*** PROVIDED DATA Section Begins ***
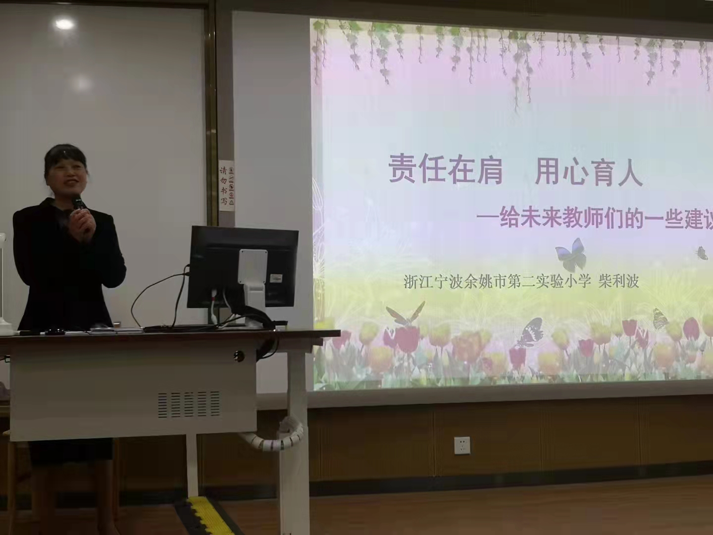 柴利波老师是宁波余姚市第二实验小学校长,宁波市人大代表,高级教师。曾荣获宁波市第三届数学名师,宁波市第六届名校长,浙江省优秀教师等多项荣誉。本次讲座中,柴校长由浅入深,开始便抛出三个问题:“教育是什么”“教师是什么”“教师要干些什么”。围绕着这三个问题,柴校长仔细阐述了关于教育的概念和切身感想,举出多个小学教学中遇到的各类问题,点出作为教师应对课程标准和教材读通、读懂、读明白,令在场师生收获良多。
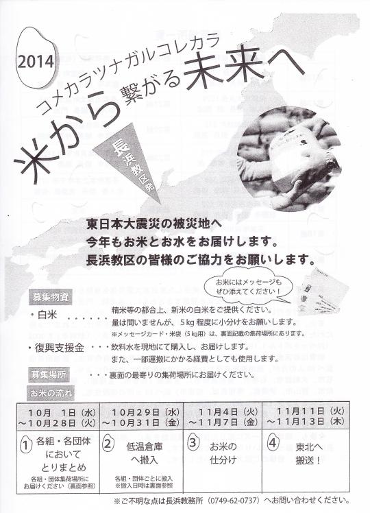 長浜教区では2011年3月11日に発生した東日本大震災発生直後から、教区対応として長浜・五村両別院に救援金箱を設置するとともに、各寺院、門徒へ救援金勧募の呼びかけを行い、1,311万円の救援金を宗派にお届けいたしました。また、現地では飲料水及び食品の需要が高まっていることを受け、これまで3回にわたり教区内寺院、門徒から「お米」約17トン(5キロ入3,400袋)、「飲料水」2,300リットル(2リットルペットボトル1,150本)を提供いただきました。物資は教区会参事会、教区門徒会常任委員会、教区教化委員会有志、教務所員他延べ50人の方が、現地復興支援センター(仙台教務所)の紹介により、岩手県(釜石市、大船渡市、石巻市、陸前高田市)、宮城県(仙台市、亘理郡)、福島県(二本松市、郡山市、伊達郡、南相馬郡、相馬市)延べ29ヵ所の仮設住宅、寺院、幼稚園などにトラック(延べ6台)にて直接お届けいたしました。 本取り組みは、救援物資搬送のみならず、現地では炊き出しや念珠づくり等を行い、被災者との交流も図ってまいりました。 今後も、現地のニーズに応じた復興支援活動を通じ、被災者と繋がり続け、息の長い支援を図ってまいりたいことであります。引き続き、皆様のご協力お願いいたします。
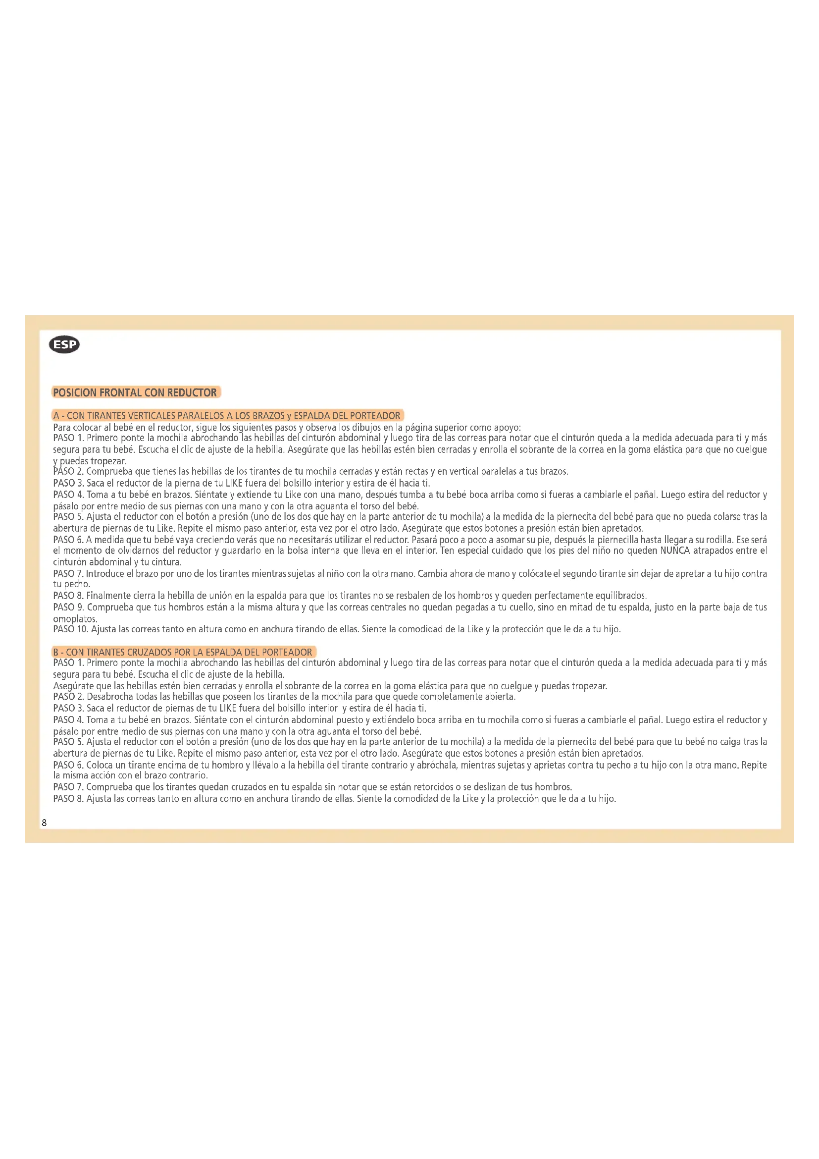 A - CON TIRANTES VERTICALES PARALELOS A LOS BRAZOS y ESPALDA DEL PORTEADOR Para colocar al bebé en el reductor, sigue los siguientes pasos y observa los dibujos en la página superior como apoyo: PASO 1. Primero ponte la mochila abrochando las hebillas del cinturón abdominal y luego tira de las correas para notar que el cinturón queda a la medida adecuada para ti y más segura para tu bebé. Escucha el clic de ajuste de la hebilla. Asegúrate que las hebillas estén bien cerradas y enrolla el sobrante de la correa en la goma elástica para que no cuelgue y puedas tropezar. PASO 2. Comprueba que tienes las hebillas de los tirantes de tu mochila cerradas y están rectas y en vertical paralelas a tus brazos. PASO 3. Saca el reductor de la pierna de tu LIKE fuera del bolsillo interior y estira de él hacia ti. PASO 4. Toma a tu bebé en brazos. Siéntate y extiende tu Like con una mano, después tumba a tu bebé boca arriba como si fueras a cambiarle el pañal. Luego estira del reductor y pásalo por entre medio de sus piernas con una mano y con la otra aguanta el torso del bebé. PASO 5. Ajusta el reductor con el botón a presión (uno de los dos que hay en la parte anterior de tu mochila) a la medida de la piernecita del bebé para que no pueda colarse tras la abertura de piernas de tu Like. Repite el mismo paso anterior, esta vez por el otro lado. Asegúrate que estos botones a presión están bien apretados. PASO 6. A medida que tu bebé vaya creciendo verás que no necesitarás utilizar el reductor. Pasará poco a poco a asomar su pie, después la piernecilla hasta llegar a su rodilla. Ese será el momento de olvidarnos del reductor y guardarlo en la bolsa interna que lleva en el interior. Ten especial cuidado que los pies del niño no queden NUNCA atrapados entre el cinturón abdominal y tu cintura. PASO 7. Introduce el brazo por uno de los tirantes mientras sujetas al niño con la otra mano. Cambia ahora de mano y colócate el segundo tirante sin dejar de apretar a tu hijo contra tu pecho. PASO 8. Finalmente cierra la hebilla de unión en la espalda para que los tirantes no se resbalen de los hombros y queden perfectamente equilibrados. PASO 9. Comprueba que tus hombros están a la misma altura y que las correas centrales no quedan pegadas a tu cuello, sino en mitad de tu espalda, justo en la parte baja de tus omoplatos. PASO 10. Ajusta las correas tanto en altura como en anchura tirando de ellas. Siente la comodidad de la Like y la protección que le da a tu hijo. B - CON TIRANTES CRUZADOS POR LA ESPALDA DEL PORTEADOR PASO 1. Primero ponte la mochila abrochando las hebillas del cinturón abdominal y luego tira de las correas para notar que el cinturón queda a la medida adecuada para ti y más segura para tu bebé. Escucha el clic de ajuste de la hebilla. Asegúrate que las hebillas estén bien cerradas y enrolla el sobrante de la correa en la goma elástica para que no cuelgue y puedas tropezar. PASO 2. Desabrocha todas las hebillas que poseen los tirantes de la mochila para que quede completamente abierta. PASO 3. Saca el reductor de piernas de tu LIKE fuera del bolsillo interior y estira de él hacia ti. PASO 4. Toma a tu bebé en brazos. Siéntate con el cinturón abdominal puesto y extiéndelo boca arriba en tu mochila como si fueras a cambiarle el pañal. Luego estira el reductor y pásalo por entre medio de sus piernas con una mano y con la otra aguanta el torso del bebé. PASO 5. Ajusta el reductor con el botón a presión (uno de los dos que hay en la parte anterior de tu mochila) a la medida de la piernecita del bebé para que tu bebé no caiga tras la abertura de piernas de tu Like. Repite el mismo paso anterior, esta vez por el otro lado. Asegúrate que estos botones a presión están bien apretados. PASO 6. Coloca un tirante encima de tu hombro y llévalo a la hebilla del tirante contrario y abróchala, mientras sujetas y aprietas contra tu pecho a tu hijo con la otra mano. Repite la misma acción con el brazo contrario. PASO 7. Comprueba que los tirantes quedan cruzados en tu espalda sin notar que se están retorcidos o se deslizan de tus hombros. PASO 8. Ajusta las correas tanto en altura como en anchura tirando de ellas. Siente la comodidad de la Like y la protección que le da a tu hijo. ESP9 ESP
*** PROVIDED DATA Section Ends ***
▶ **EXERCISE BRIEF**
Quote the listing above in full, except for the pictures.

▶ **TASK SOLUTION**
 柴利波老师是宁波余姚市第二实验小学校长,宁波市人大代表,高级教师。曾荣获宁波市第三届数学名师,宁波市第六届名校长,浙江省优秀教师等多项荣誉。本次讲座中,柴校长由浅入深,开始便抛出三个问题:“教育是什么”“教师是什么”“教师要干些什么”。围绕着这三个问题,柴校长仔细阐述了关于教育的概念和切身感想,举出多个小学教学中遇到的各类问题,点出作为教师应对课程标准和教材读通、读懂、读明白,令在场师生收获良多。
 長浜教区では2011年3月11日に発生した東日本大震災発生直後から、教区対応として長浜・五村両別院に救援金箱を設置するとともに、各寺院、門徒へ救援金勧募の呼びかけを行い、1,311万円の救援金を宗派にお届けいたしました。また、現地では飲料水及び食品の需要が高まっていることを受け、これまで3回にわたり教区内寺院、門徒から「お米」約17トン(5キロ入3,400袋)、「飲料水」2,300リットル(2リットルペットボトル1,150本)を提供いただきました。物資は教区会参事会、教区門徒会常任委員会、教区教化委員会有志、教務所員他延べ50人の方が、現地復興支援センター(仙台教務所)の紹介により、岩手県(釜石市、大船渡市、石巻市、陸前高田市)、宮城県(仙台市、亘理郡)、福島県(二本松市、郡山市、伊達郡、南相馬郡、相馬市)延べ29ヵ所の仮設住宅、寺院、幼稚園などにトラック(延べ6台)にて直接お届けいたしました。 本取り組みは、救援物資搬送のみならず、現地では炊き出しや念珠づくり等を行い、被災者との交流も図ってまいりました。 今後も、現地のニーズに応じた復興支援活動を通じ、被災者と繋がり続け、息の長い支援を図ってまいりたいことであります。引き続き、皆様のご協力お願いいたします。
 A - CON TIRANTES VERTICALES PARALELOS A LOS BRAZOS y ESPALDA DEL PORTEADOR Para colocar al bebé en el reductor, sigue los siguientes pasos y observa los dibujos en la página superior como apoyo: PASO 1. Primero ponte la mochila abrochando las hebillas del cinturón abdominal y luego tira de las correas para notar que el cinturón queda a la medida adecuada para ti y más segura para tu bebé. Escucha el clic de ajuste de la hebilla. Asegúrate que las hebillas estén bien cerradas y enrolla el sobrante de la correa en la goma elástica para que no cuelgue y puedas tropezar. PASO 2. Comprueba que tienes las hebillas de los tirantes de tu mochila cerradas y están rectas y en vertical paralelas a tus brazos. PASO 3. Saca el reductor de la pierna de tu LIKE fuera del bolsillo interior y estira de él hacia ti. PASO 4. Toma a tu bebé en brazos. Siéntate y extiende tu Like con una mano, después tumba a tu bebé boca arriba como si fueras a cambiarle el pañal. Luego estira del reductor y pásalo por entre medio de sus piernas con una mano y con la otra aguanta el torso del bebé. PASO 5. Ajusta el reductor con el botón a presión (uno de los dos que hay en la parte anterior de tu mochila) a la medida de la piernecita del bebé para que no pueda colarse tras la abertura de piernas de tu Like. Repite el mismo paso anterior, esta vez por el otro lado. Asegúrate que estos botones a presión están bien apretados. PASO 6. A medida que tu bebé vaya creciendo verás que no necesitarás utilizar el reductor. Pasará poco a poco a asomar su pie, después la piernecilla hasta llegar a su rodilla. Ese será el momento de olvidarnos del reductor y guardarlo en la bolsa interna que lleva en el interior. Ten especial cuidado que los pies del niño no queden NUNCA atrapados entre el cinturón abdominal y tu cintura. PASO 7. Introduce el brazo por uno de los tirantes mientras sujetas al niño con la otra mano. Cambia ahora de mano y colócate el segundo tirante sin dejar de apretar a tu hijo contra tu pecho. PASO 8. Finalmente cierra la hebilla de unión en la espalda para que los tirantes no se resbalen de los hombros y queden perfectamente equilibrados. PASO 9. Comprueba que tus hombros están a la misma altura y que las correas centrales no quedan pegadas a tu cuello, sino en mitad de tu espalda, justo en la parte baja de tus omoplatos. PASO 10. Ajusta las correas tanto en altura como en anchura tirando de ellas. Siente la comodidad de la Like y la protección que le da a tu hijo. B - CON TIRANTES CRUZADOS POR LA ESPALDA DEL PORTEADOR PASO 1. Primero ponte la mochila abrochando las hebillas del cinturón abdominal y luego tira de las correas para notar que el cinturón queda a la medida adecuada para ti y más segura para tu bebé. Escucha el clic de ajuste de la hebilla. Asegúrate que las hebillas estén bien cerradas y enrolla el sobrante de la correa en la goma elástica para que no cuelgue y puedas tropezar. PASO 2. Desabrocha todas las hebillas que poseen los tirantes de la mochila para que quede completamente abierta. PASO 3. Saca el reductor de piernas de tu LIKE fuera del bolsillo interior y estira de él hacia ti. PASO 4. Toma a tu bebé en brazos. Siéntate con el cinturón abdominal puesto y extiéndelo boca arriba en tu mochila como si fueras a cambiarle el pañal. Luego estira el reductor y pásalo por entre medio de sus piernas con una mano y con la otra aguanta el torso del bebé. PASO 5. Ajusta el reductor con el botón a presión (uno de los dos que hay en la parte anterior de tu mochila) a la medida de la piernecita del bebé para que tu bebé no caiga tras la abertura de piernas de tu Like. Repite el mismo paso anterior, esta vez por el otro lado. Asegúrate que estos botones a presión están bien apretados. PASO 6. Coloca un tirante encima de tu hombro y llévalo a la hebilla del tirante contrario y abróchala, mientras sujetas y aprietas contra tu pecho a tu hijo con la otra mano. Repite la misma acción con el brazo contrario. PASO 7. Comprueba que los tirantes quedan cruzados en tu espalda sin notar que se están retorcidos o se deslizan de tus hombros. PASO 8. Ajusta las correas tanto en altura como en anchura tirando de ellas. Siente la comodidad de la Like y la protección que le da a tu hijo. ESP9 ESP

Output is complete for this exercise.